**Problem details**
Leave out any pictures and transcribe all other data below exactly.

**Supplied data**

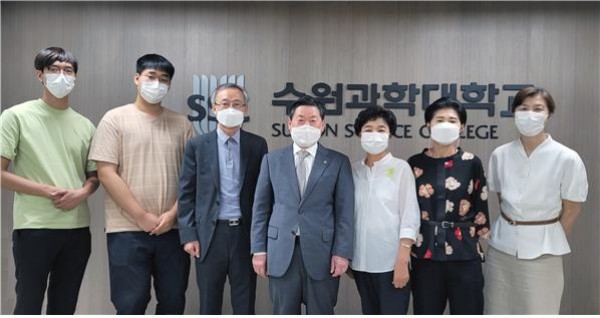 수원과학대학교(총장 정원섭)은 24일 교내 학생들과, 교수진, 가족회사 기관장과의 간담회를 주관하여 진행했다. 이날은 수원과학대학교 정원섭 총장, 지무성 부총장, 송건 교학처장, 김인숙 학생복지처장, 홍나미 사회복지학과장, 고병욱, 김준형 학생 등과 가족회사인 행복가득한주간보호센터 박윤자 센터장 등이 참여하였다. 이번 간담회는 최근 코로나19 바이러스가 확산되어 국가자격증 취득을 위한 실습에 심한 어려움을 겪고 있는 학…
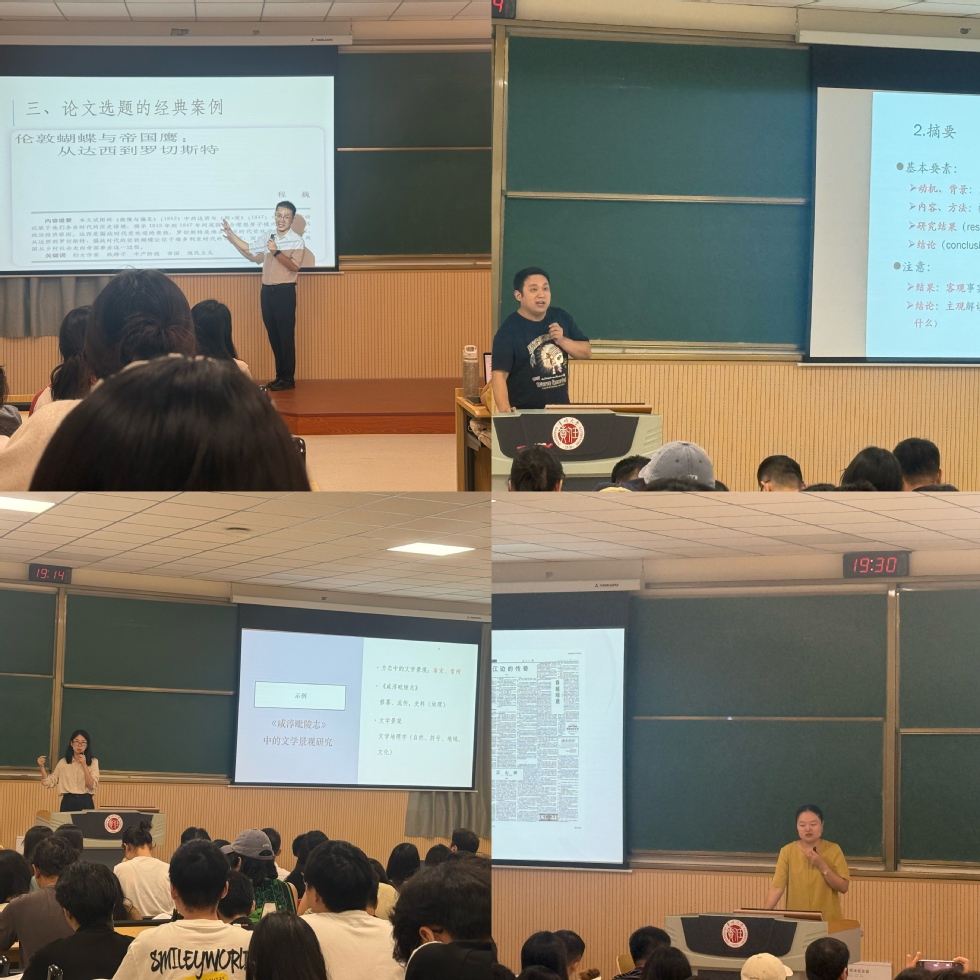 会上,各位教研室主任介绍各教研室研究方向论文写作方法。黄杭西鼓励大家以兴趣为导向,将小题大做与宏大叙述相结合,以具体问题探察文本症候,做到理论工具与文本语境相匹配。刘磊分享了文献调研的方法,并就摘要写作进行具体阐述,着重强调语体正确的重要性,指出AI能发挥的是辅助而非主导作用。王风丽重点解析了综述的写作目的与方法,希望大家充分了解现有研究,更好地把握选题核心要点。何霞探讨了文学批评与文学鉴赏的区别,并结合论文案例讲述了论文论证、利用口述史呈现地方性知识与文献的方法。
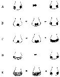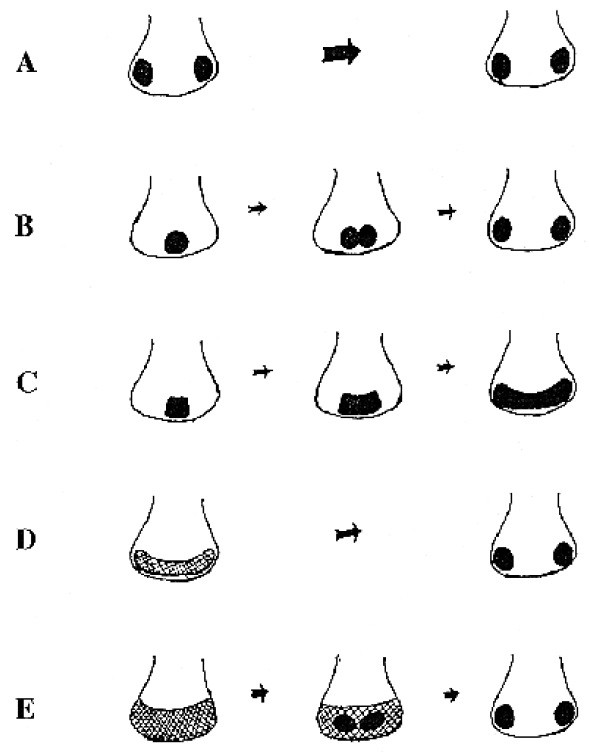Fig. 1. Models for retina primordium formation in vertebrate embryos. The outline illustrates the boundary of the neural plate and the filled circles represent retina primordia. (A) The two separate retina primordia model. (B) A diagram of Stockardâs model of how a single primordium spreads and separates into two retinae. Some of Stockardâs results were directly contradicted by later studies of Adelmann (1929a,b). (C) This is essentially the same as Figs 1, 2 and 4 of LePlat (1919). (D) A schematic representation of Adelmannâs model. It was not determined whether midline cells could migrate laterally. (E) An illustration of the forebrain field model. Eyes are presumably the default fate of this field (Corner, 1966; Boterenbrood, 1970). |
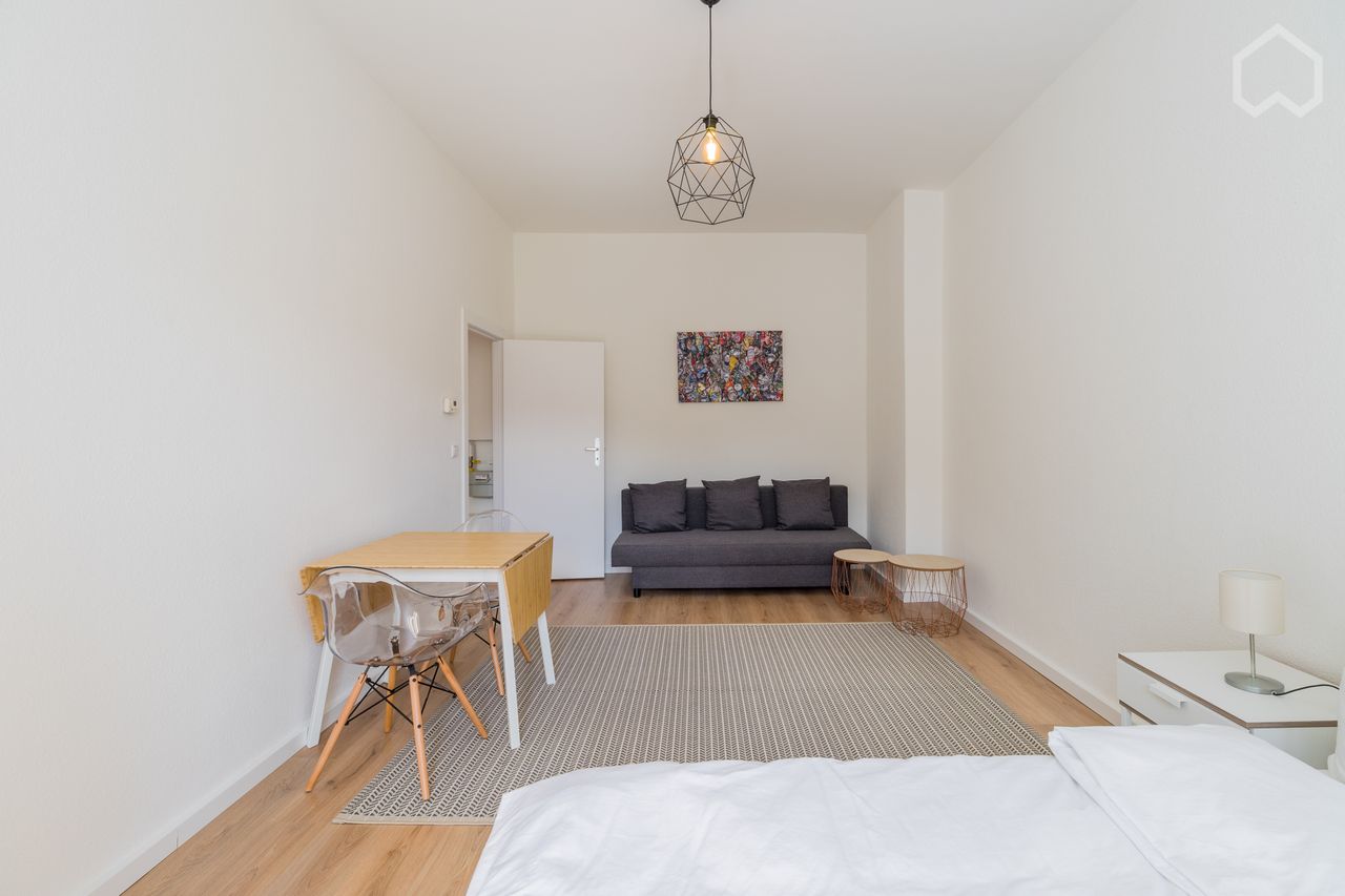 This bright studio apartment is located on the 4th floor of a well-kept house. The apartment has been recently renovated and has a modern bathroom, a fully equipped kitchen, and a spacious living/bedroom. The apartment has everything you need for a pleasant stay, including bed linen and towels. It is a good layout with a good use of space. The building is located in a quiet residential street and is in good condition. The Wundstraße is located in the beautiful district of Charlottenburg. Cha...

**Expected answer**
 수원과학대학교(총장 정원섭)은 24일 교내 학생들과, 교수진, 가족회사 기관장과의 간담회를 주관하여 진행했다. 이날은 수원과학대학교 정원섭 총장, 지무성 부총장, 송건 교학처장, 김인숙 학생복지처장, 홍나미 사회복지학과장, 고병욱, 김준형 학생 등과 가족회사인 행복가득한주간보호센터 박윤자 센터장 등이 참여하였다. 이번 간담회는 최근 코로나19 바이러스가 확산되어 국가자격증 취득을 위한 실습에 심한 어려움을 겪고 있는 학…
 会上,各位教研室主任介绍各教研室研究方向论文写作方法。黄杭西鼓励大家以兴趣为导向,将小题大做与宏大叙述相结合,以具体问题探察文本症候,做到理论工具与文本语境相匹配。刘磊分享了文献调研的方法,并就摘要写作进行具体阐述,着重强调语体正确的重要性,指出AI能发挥的是辅助而非主导作用。王风丽重点解析了综述的写作目的与方法,希望大家充分了解现有研究,更好地把握选题核心要点。何霞探讨了文学批评与文学鉴赏的区别,并结合论文案例讲述了论文论证、利用口述史呈现地方性知识与文献的方法。
Fig. 1. Models for retina primordium formation in vertebrate embryos. The outline illustrates the boundary of the neural plate and the filled circles represent retina primordia. (A) The two separate retina primordia model. (B) A diagram of Stockardâs model of how a single primordium spreads and separates into two retinae. Some of Stockardâs results were directly contradicted by later studies of Adelmann (1929a,b). (C) This is essentially the same as Figs 1, 2 and 4 of LePlat (1919). (D) A schematic representation of Adelmannâs model. It was not determined whether midline cells could migrate laterally. (E) An illustration of the forebrain field model. Eyes are presumably the default fate of this field (Corner, 1966; Boterenbrood, 1970). |
 This bright studio apartment is located on the 4th floor of a well-kept house. The apartment has been recently renovated and has a modern bathroom, a fully equipped kitchen, and a spacious living/bedroom. The apartment has everything you need for a pleasant stay, including bed linen and towels. It is a good layout with a good use of space. The building is located in a quiet residential street and is in good condition. The Wundstraße is located in the beautiful district of Charlottenburg. Cha...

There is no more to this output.